The principal two issues were: how do we amend the new Constitution, and what about a charter of rights?

The amending formula arrived at was the one suggested by B.C. and called the "Vancouver Charter."

Then there was the Charter of Rights and Freedoms -- do we codify rights, or continue with the common law which had served us well? 

The Trudeau hand was shown at the 1980 conference, famous for a memo from Michael Kirby -- then a public servant, now a senator -- which gave Trudeau the road map to scupper the report put forward by the Committee of Cabinet Ministers, which he did.

In November 1979, Garde Gardom became B.C.'s first minister for intergovernmental affairs, and thus took charge of constitutional matters, while I remained a member of the committee.

I can tell you that from the outset of the patriation exercise until 1982, I, on instructions of course, vigorously fought against the notion of the charter. I fought it not just because those were my instructions, but because that was my personal view.

At all First Ministers meetings in my time (I was at them all up to and including September 1980), the charter was vigorously opposed by premier Sterling Lyon of Manitoba, premier Allan Blakeney of Saskatchewan, premier Peter Lougheed of Alberta and premier William Bennett of B.C.

To the first part of the question, I opposed the Charter of Rights and Freedoms during the entire time I was in government, and thereafter in radio. In short, I opposed the charter from the outset, as did the government.

My opposition continued into my radio days, and right up to the signing of the new Constitution.

It would have been a decent argument had Trudeau laid it out as he should have -- a debate on whether or not "rights" should be imbedded in the Constitution and therefore decided by nine unelected judges on the Supreme Court of Canada, or remain as the common law rights we had inherited from Britain and had served us well. Allen Blakeney put it best at one constitutional convention with this statement: "Mr. prime minister, when I want to enforce my rights, I want to go to my MP, not my lawyer." 

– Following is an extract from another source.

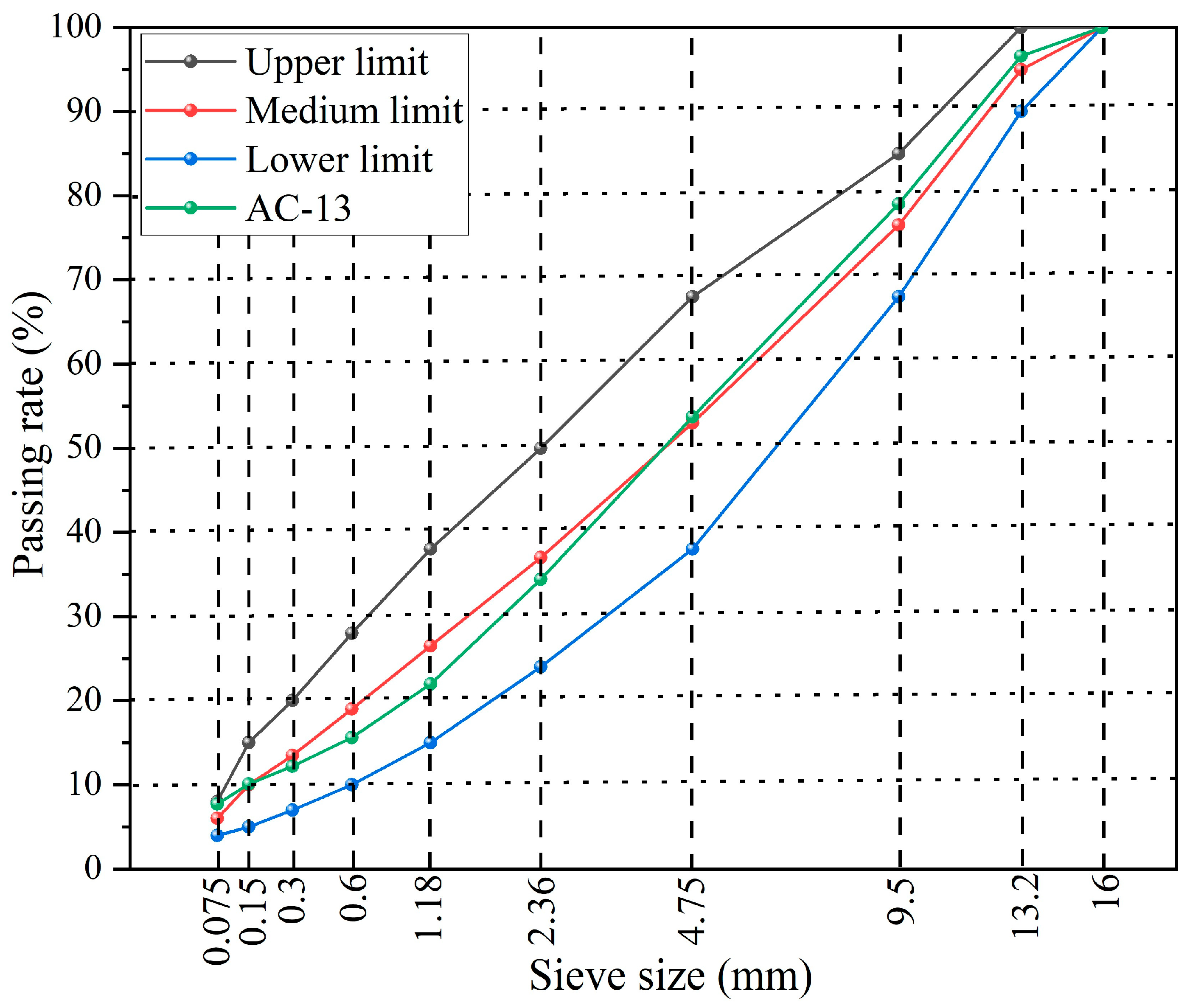 In this study, a dense-graded AC-13 asphalt mixture is utilized, with its gradation provided in Figure 3. The capsules are incorporated into the mixtures at an optimum content of 0.5% by mass during mixing. Subsequently, asphalt concrete plates, both with and without capsules, are produced using a rutting plate compactor. The asphalt concrete beams measuring 98 mm × 45 mm × 50 mm are extracted. A notch of 5 mm × 4 mm is carefully created in the center of each beam.

The point is moot. We have a charter, and thus it will inevitably remain.

Here are the guts of the matter. Quebec premier Rene Levesque insisted that the new Constitution was subject to a Quebec veto, and the Supreme Court of Canada ruled in the Quebec Veto Reference that Quebec never had, according to constitutional convention, a constitutional veto, and that no province did.

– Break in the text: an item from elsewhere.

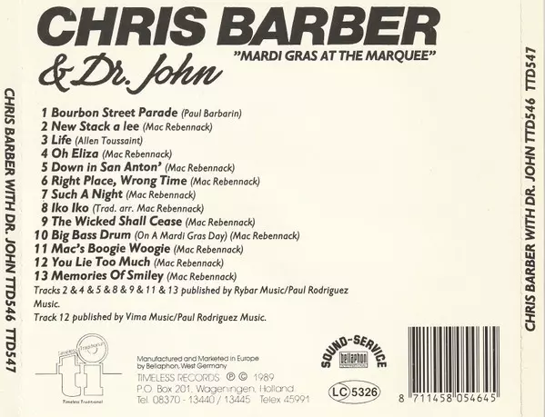 | Artiest | Dr. John | Chris Barber |

It's ironic to note that after Meech failed, B.C. passed a law making any constitutional changes subject to a referendum and because of the new amending formula that was B.C.'s idea, the law was constitutional.

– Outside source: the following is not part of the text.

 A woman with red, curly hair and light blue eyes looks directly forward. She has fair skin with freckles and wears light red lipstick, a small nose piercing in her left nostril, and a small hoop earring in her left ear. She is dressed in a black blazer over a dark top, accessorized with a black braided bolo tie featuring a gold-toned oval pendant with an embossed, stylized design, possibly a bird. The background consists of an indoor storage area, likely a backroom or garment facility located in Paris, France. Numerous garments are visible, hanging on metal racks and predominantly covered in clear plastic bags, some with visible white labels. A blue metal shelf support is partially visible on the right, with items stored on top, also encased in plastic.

In conclusion, B.C. had no power to stop Trudeau as found by the Supreme Court of Canada. In spite of this, B.C. fought to the end for a reformed Senate, a proper amending formula, and against a charter of rights.

On a personal note, I spoke out on those issues from the start and have never wavered from that position.

I felt on reading the Tyee reader's comment, the facts of the matter should be recorded.